18 clinical students, 44 student volunteers, and 17 pro bono attorneys worked to protect and advance the rights of FIRC’s clients.
Students provided holistic representation to 72 community members from 9 countries in humanitarian-based immigration cases, including:
► Deportation Defense
► Protection under the U.N. Convention Against Torture (CAT)
► Special Immigrant Juvenile Status (SIJS)
► Temporary Protected Status (TPS)
► U Nonimmigrant Status (U Visas)
► T Nonimmigrant Status (T Visas)
► Family Petitions
► Violence Against Women Act (VAWA) Self-Petition
► Adjustment of Status
► Cancellation of Removal
► Deferred Action for Childhood Arrivals (DACA)
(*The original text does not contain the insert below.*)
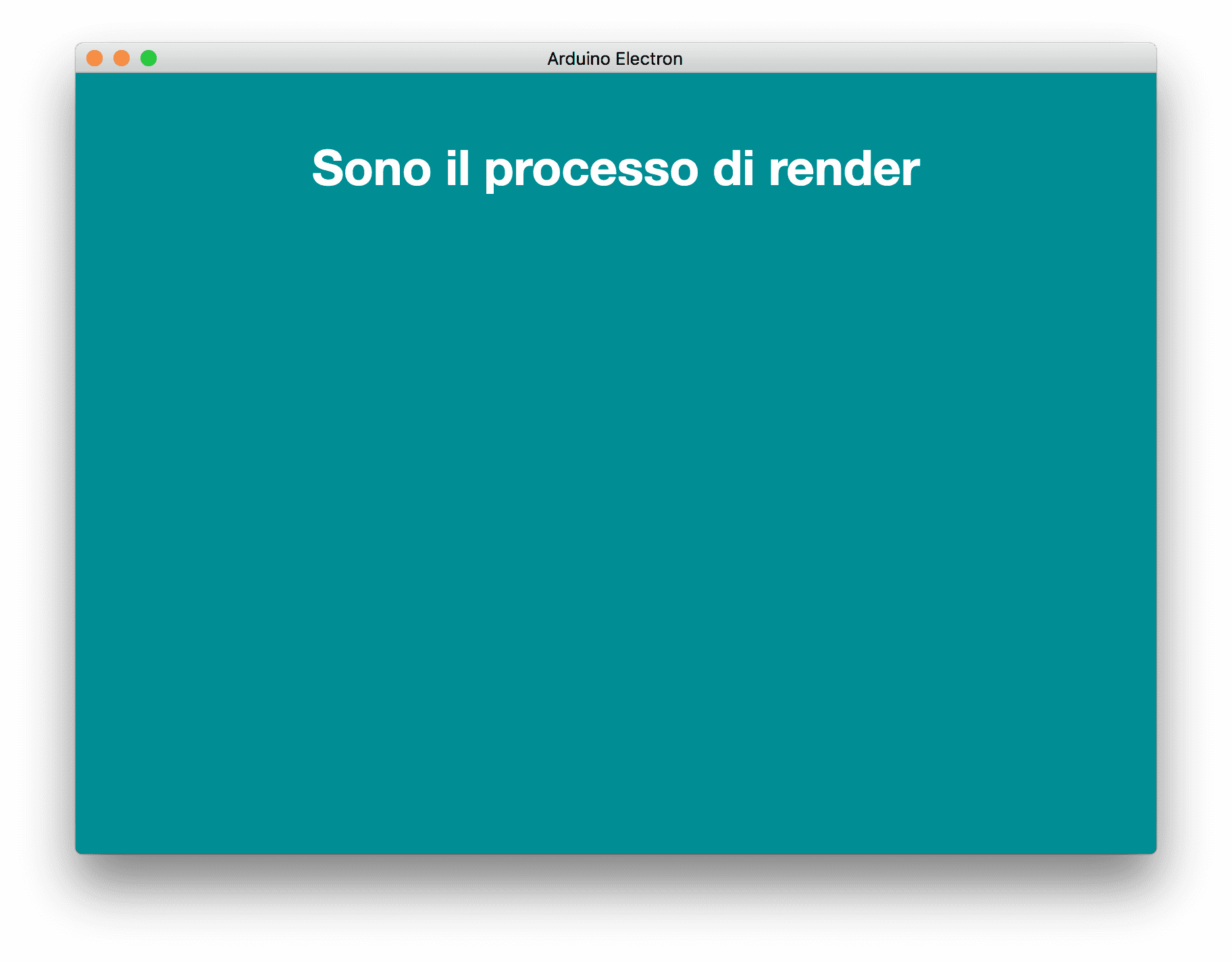 Una volta salvato il file, lanciamo il comando npm start per avviare l'applicazione. Se tutto va come deve, si aprirà la finestra che vedete in figura. Si noti il titolo e il suo contenuto!

► Special Immigrant Visas (SIV)
Students completed legal screenings and intakes for 198 community members and provided limited legal services, including:
► Pro se assistance with applications for TPS and Asylum
► Pro se motions to change venue of deportation proceedings
► Advocacy with ICE to remove ankle monitors and change reporting locations
► Freedom of Information Act (FOIA) requests to obtain immigration files
► Applications for employment authorization
► Matching cases with pro bono counsel
► Connecting community members to community resources and service providers
► Legal advice letters
► Students prevailed in state court proceedings and petitions for Special Immigrant Juvenile Status (SIJS) on behalf of children who fled domestic and gang violence to reunite with family in the United States.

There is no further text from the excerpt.